Turut dalam peninjauan tersebut,  Kapolda Jatim Irjen Pol Nico Afinta serta Pangdam V/Brawijaya Mayjen TNI Nurchahyanto, Gubernur Khofifah menegaskan bahwa harga minyak goreng curah mengalami penurunan.

Dari yang semula harganya Rp20 ribu per kilogramnya, kata dia, dalam temuan di Pasar Rungkut ada yang sesuai HET, namun ada juga harganya Rp16.000-Rp16.500 per kilogram.

"Secara umum sampai 25 Mei 2022, telah terjadi penurunan harga rata-rata minyak goreng curah sebesar Rp2.879 atau 14,66 persen," ucap Khofifah.

Menurutnya, salah satu penyebab turunnya harga minyak goreng curah sampai mendekati HET, tidak lepas dari suplai yang relatif mengalir

"Dengan kata lain, ada yang harus order untuk pengiriman tiga hari sekali sehingga bisa mendapat suplai minyak goreng curah. Semoga semakin hari semakin lancar," katanya.

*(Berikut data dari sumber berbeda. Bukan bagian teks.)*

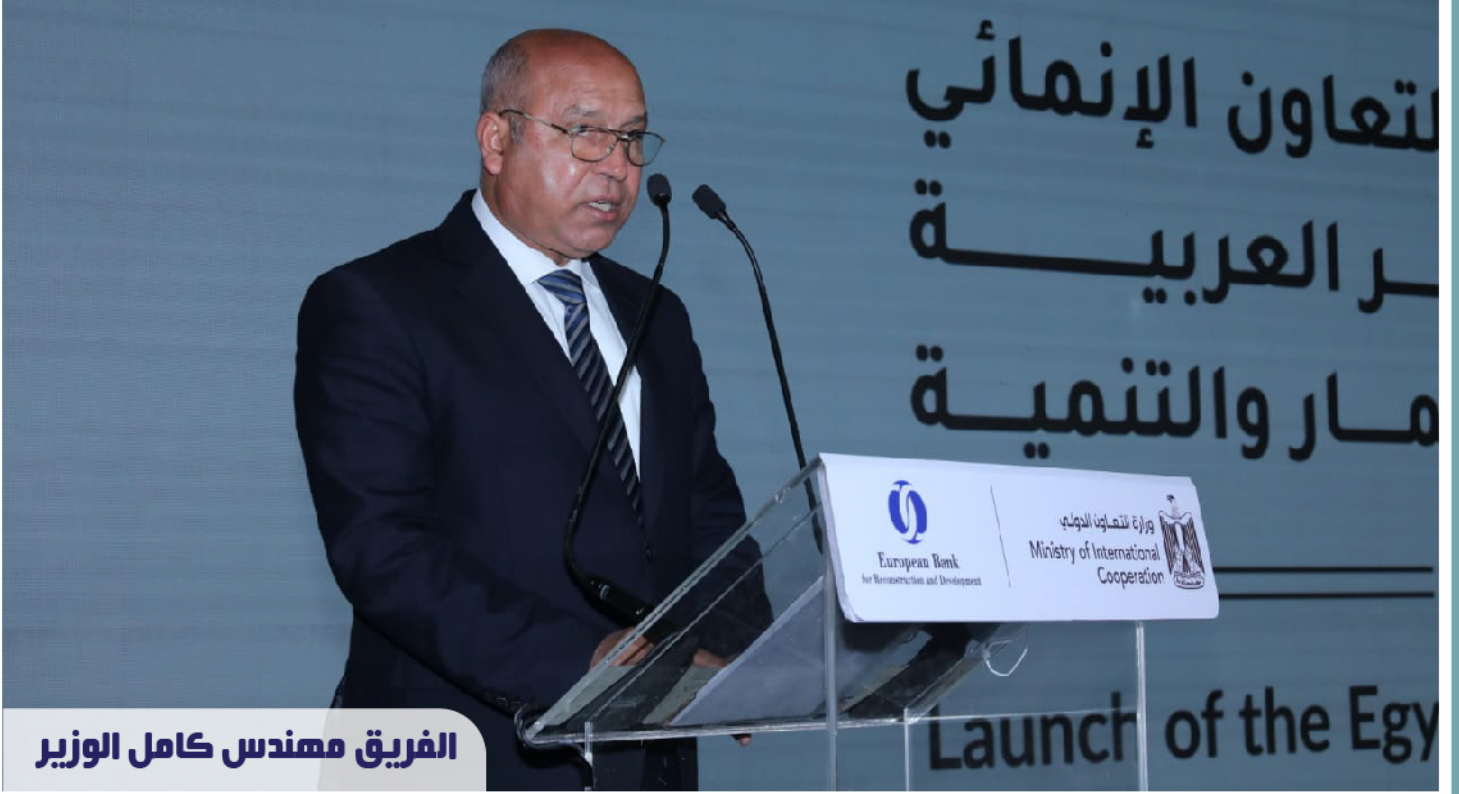
الفريق مهندس كامل الوزير
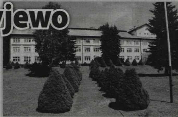
Obecnie Warsztat Terapii Zajęciowej funkcjonuje w pomieszczeniach Domu Pomocy Społecznej w Ryjewie.

komputerowej, fotograficznej, krawiecko-dziewiarskiej, fryzjersko-kosmetycznej oraz stolarsko-ogrodniczej. W zajęciach uczestniczą głównie niepełnosprawni z powiatu kwidzyńskiego, którzy stanowią 75 proc. uczestników. Pozostali uczestnicy to mieszkańcy Domu Pomocy Społecznej „Słoneczne Wzgórze”.
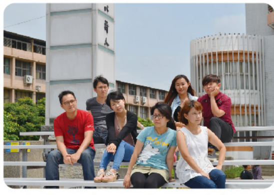
▲「尼可的一天」演員及工作人員。
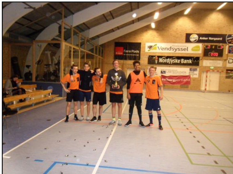
Vinderne blev træningshøjskolen.
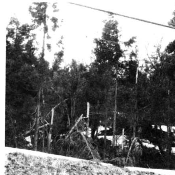
◀ 豪雪で折木が目立つ無残な杉林
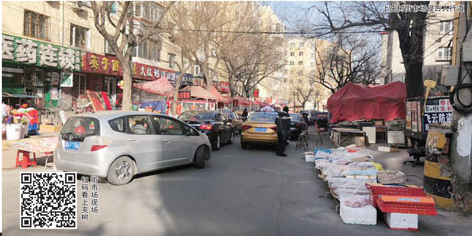
上夹树街市场侵占大行道
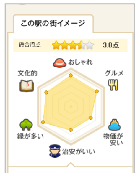
<住みやすさに関する6つの街イメージ>

「まちカラ！」という名前には、「街のカラーがわかる」「街のチカラがわかる」ユーザーによる投稿と、『HOME'S』、および弊社(株)ネクストが運営する地域コミュニティサイト「Lococom(ロココム)」に蓄積された地域情報によって「街のカラフルなコレクションを作り上げたい」という思いが込められています。
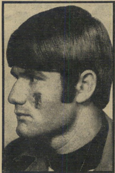
חייל מוכה דהאן

היה זה שיאה — בינתיים — של פאר-סה עגומה, שלולא היתה כל-כך טראגית, היתה יכולה לשמש חומר למחזה נוסף: מה שהתחיל כפעולה שיגרתית-בטיפשו תה של הצנזורה — התפתח לכדור-שלג ענק, שאיים לפגוע קשה בתרבות, הצר לעת למדי גם בלי זה, של המדינה בעיני מיליוני נוצרים ברחבי העולם. עוד לפני סערת-הרחות בקרב העדה הנוצרית בארץ, זכה צינוורו של המחזה
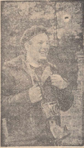
На снимке: Юрий Алексеевич Гагарин, 1965 год.
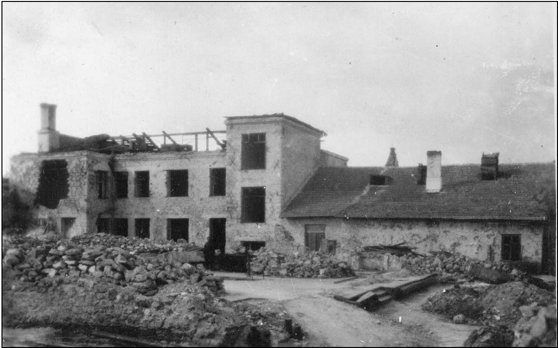
Зруйнований окупантами Херсонський хлібозавод. 1944 р. ДАХО. Фотоальбом № 2 злочинств та руйнувань, заподіяних німецько-фашистськими окупантами у м. Херсоні, арк. 11, фото № 21.
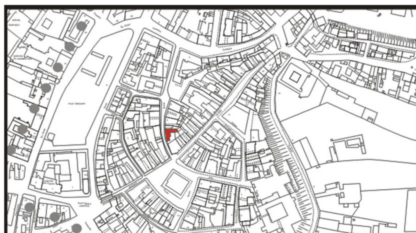
LOKALIZACJA NIERUCHOMOŚCI - Rybna 3 LOCATION OF THE PROPERTY - Rybna 3
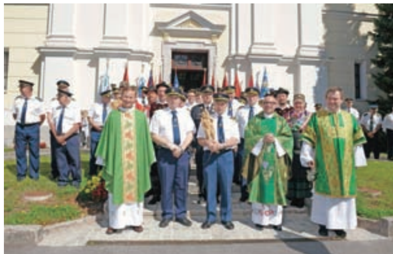
Člani ZŠAM Žiri so sredi julija v cerkvi sv. Martina v Žireh praznovali god svojega zavetnika sv. Krištofa.

Člani ZŠAM pa so kot vsako leto ob začetku šolskega leta v prvih dneh pouka skrbeli za varnost šolarjev na šolskih poteh. Letos je to nalogo opravljalo 24 njihovih članov v Žireh, Gorenji vasi, Železnikih in na Jesenicah. "Skupaj so opravili 384 prostovoljnih ur," je razložil Dolenc. V Žireh so nad varnostjo šolarjev v prometu bdeli na krožišču pri Petrolu, pred vsemi tremi vhodi v poslopje šole in v središču Žirov, pri čemer so jim v prvih dveh dneh priskočili na pomoč tudi policisti in občinski redarji. "Te točke smo namreč skupaj s Svetom za preventivo in vzgojo v cestnem prometu ocenili kot najbolj problematične," je razložil Dolenc in dodal, da so imeli veliko dela predvsem z opozarjanjem staršev, naj svoja vozila parkirajo na označenih parkiriščih in otroke peš pospremijo do šole, namesto da jih zapeljejo čisto do vhoda v šolo. V prihodnje načrtujejo še predavanja za četrtošolce, kako napisati pismo starim staršem, v katerem jim bodo svetovali, kako
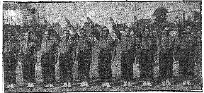
Nowa Syria — kraj, który krwawi dlatego, by Londyn mógł pochwalić się. Związek młodzieży, zorganizowana są na wzór europejski.

ge światowej opinii publicznej na komentarz dziennika angielskiego „News Chronicle” na temat wypadków syryjskich, który strona francuska uważa za nowy dowód cynicznych i brutalnych metod wojennych Anglii. Mianowicie „News Chronicle” m. in. napisał: „Francuzi stawiają w Syrii zacięty opór; aby złamać go musimy rzucić wszystkie siły stojące do naszej dyspozycji. Wobec ogromu interesów, o jakie toczy się cała rozgrywka straty, jakie musieli ponieść Francuzi na skutek braku orientacji w sytuacji są sprawą zupełnie drugorzędna. O ile nie uzyskamy sukcesów w Syrii, sprawa de Gaulle’a zostanie jeszcze na jakiś czas odroczone. Potrzeba nam zwycięstwa i zmuszeni jesteśmy postępować szybko i brutalnie, aby je uzyskać”. W miarodajnych kołach francuskich w związku z tym komentarzem angielskim zwracają uwagę, że znana jest rzecza, iż Anglii małą wagę przywiązują do życia żołnierzy francuskich. Nigdy jednak dotychczas nie wypowiedzieli tego z tak cyniczną bezwzględnością. Z drugiej strony jednak interesująca jest okoliczność, że dziennik angielski z góry liczy się z możliwością pieniaństwa się Anglikom ich przedsięwzięcia przeciwko Syrii.
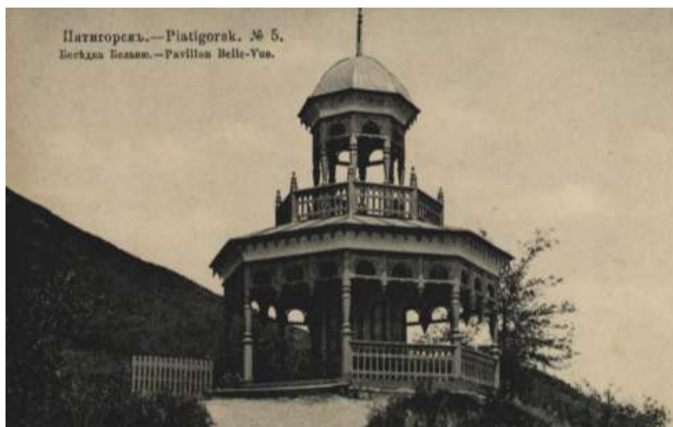
Открытка. Пятигорск. Беседка Бель-вю. ПКМ О.Ф. 17754.

1889 г. Сооружение архитектором КМВ А.М. Кочетовым деревянной с резьбой восьмигранной беседки с бельведером (надстройка) под куполом для обозревания окрестностей. Построена беседка вокруг винтовой железной лестницы от старой деревянной каланчи с флагштоком. Новая беседка получила название Бель-вю (фр. - очаровательный вид). Беседка не сохранилась, остались остатки круглого фундамента на вершине утеса Горячей горы позади Академической галереи. (Боглачев С.В. Архитектура.., 2012. - С. 478).
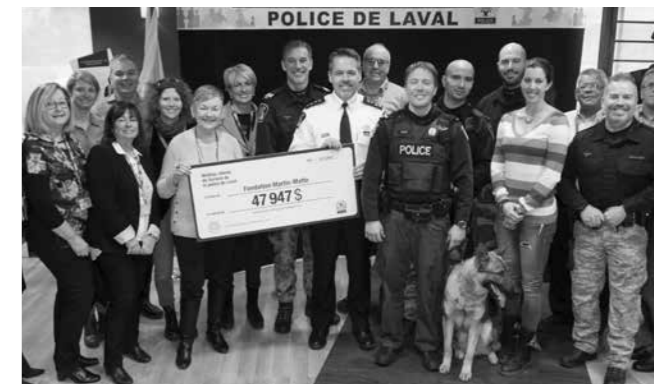
L'équipe des maîtres-chiens du département de police de Laval
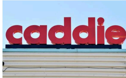
La portée du nom « Caddie » excède largement l'entreprise elle-même et attire les convoitises.

Connue en Alsace pour son histoire industrielle, le quasi centenaire, Caddie est aussi une des rares marques qui a donné, dans le langage courant, son nom à un objet. En l'occurrence le chariot de supermarché, que l'entreprise fabriquait jusqu'à peu. Suite au placement en liquidation judiciaire de la société, l'été dernier, ses différents actifs sont depuis peu proposés à la vente, comme c'est l'usage dans cette procédure.
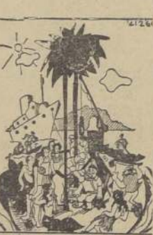
Filmado una película... Imbecil! El manuscrito dice

No se necesitan telescopios para distinguir la mera magnitud. Cualquiera puede ver a Marlene Dietrich y Claudette Colbert, con este "desfz" por una tabla inclinada, diversiones de Venice, California, donde dió un "party" a sus colegas de Ho
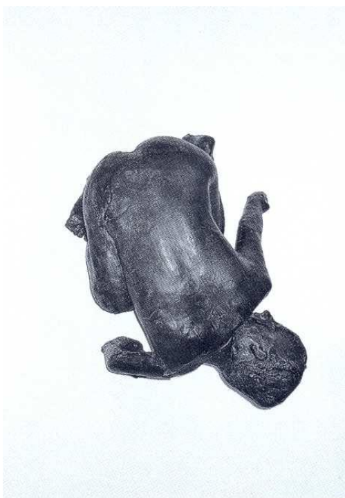
Obr. 3: Kiki Smith - Lilith (1994)

Ia menjelaskan, saat ini total kebutuhan minyak goreng curah di Jatim sebanyak 34,5 ribu ton, lalu suplainya 19,2 ribu ton per bulan. Artinya, kapasitas suplai mencapai 55,7 persen dari kebutuhan minyak goreng curah di provinsi tersebut.

Sementara itu, produksi minyak goreng curah sudah dilakukan oleh 10 industri minyak goreng dengan total 19,2 ribu ton.

"Jadi, masih ada kekurangan suplai sehingga butuh peningkatan kapasitas produksi untuk memenuhinya," tutur Khofifah.

Secara keseluruhan dari monitoring Sistem Informasi Minyak Goreng murah (Simirah) yang terkonfirmasi di 116 pasar tradisional di Jatim, kisaran harganya masih di antara Rp16.000-Rp16.700 per kilogram.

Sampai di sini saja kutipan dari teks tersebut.